:: EXERCISE AIM ::
Each entry needs to be retyped exactly, with nothing added or dropped.

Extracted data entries
--------

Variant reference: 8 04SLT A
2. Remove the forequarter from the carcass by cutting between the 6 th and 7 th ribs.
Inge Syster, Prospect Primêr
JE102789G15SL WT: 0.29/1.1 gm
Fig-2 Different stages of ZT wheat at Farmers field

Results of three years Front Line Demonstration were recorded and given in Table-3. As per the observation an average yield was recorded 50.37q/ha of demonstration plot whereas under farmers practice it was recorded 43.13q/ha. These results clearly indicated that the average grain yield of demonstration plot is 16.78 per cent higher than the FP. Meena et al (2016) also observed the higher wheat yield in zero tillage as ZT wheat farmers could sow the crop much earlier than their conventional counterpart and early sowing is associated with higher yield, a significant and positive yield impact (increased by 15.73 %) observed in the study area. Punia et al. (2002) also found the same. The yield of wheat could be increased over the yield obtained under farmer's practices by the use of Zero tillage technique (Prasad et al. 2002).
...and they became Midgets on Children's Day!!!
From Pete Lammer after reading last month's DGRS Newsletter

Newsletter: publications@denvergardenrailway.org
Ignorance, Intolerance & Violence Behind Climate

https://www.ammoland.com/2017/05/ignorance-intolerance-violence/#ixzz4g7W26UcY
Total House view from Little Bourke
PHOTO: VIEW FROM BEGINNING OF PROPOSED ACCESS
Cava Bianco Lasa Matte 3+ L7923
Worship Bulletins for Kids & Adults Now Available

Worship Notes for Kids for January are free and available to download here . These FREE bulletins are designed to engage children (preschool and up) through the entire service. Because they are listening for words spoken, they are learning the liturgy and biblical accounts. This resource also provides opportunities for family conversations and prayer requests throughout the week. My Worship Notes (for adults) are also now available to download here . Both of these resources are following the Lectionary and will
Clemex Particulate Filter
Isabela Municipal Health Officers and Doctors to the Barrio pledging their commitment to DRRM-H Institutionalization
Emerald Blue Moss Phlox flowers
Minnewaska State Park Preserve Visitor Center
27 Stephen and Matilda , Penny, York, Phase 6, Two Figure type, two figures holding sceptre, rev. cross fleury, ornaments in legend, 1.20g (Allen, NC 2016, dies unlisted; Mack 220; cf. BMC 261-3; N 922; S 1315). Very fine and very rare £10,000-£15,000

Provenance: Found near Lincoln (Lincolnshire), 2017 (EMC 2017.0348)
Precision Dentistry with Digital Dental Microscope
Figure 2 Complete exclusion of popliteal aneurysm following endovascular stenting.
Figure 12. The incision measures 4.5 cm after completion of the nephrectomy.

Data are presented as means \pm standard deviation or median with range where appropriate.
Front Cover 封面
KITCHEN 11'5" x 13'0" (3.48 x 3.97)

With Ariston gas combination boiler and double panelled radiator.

--------

:: RESPONSE TO THIS EXERCISE ::
Variant reference: 8 04SLT A
2. Remove the forequarter from the carcass by cutting between the 6 th and 7 th ribs.
Inge Syster, Prospect Primêr
JE102789G15SL WT: 0.29/1.1 gm
Fig-2 Different stages of ZT wheat at Farmers field

Results of three years Front Line Demonstration were recorded and given in Table-3. As per the observation an average yield was recorded 50.37q/ha of demonstration plot whereas under farmers practice it was recorded 43.13q/ha. These results clearly indicated that the average grain yield of demonstration plot is 16.78 per cent higher than the FP. Meena et al (2016) also observed the higher wheat yield in zero tillage as ZT wheat farmers could sow the crop much earlier than their conventional counterpart and early sowing is associated with higher yield, a significant and positive yield impact (increased by 15.73 %) observed in the study area. Punia et al. (2002) also found the same. The yield of wheat could be increased over the yield obtained under farmer's practices by the use of Zero tillage technique (Prasad et al. 2002).
...and they became Midgets on Children's Day!!!
From Pete Lammer after reading last month's DGRS Newsletter

Newsletter: publications@denvergardenrailway.org
Ignorance, Intolerance & Violence Behind Climate

https://www.ammoland.com/2017/05/ignorance-intolerance-violence/#ixzz4g7W26UcY
Total House view from Little Bourke
PHOTO: VIEW FROM BEGINNING OF PROPOSED ACCESS
Cava Bianco Lasa Matte 3+ L7923
Worship Bulletins for Kids & Adults Now Available

Worship Notes for Kids for January are free and available to download here . These FREE bulletins are designed to engage children (preschool and up) through the entire service. Because they are listening for words spoken, they are learning the liturgy and biblical accounts. This resource also provides opportunities for family conversations and prayer requests throughout the week. My Worship Notes (for adults) are also now available to download here . Both of these resources are following the Lectionary and will
Clemex Particulate Filter
Isabela Municipal Health Officers and Doctors to the Barrio pledging their commitment to DRRM-H Institutionalization
Emerald Blue Moss Phlox flowers
Minnewaska State Park Preserve Visitor Center
27 Stephen and Matilda , Penny, York, Phase 6, Two Figure type, two figures holding sceptre, rev. cross fleury, ornaments in legend, 1.20g (Allen, NC 2016, dies unlisted; Mack 220; cf. BMC 261-3; N 922; S 1315). Very fine and very rare £10,000-£15,000

Provenance: Found near Lincoln (Lincolnshire), 2017 (EMC 2017.0348)
Precision Dentistry with Digital Dental Microscope
Figure 2 Complete exclusion of popliteal aneurysm following endovascular stenting.
Figure 12. The incision measures 4.5 cm after completion of the nephrectomy.

Data are presented as means \pm standard deviation or median with range where appropriate.
Front Cover 封面
KITCHEN 11'5" x 13'0" (3.48 x 3.97)

With Ariston gas combination boiler and double panelled radiator.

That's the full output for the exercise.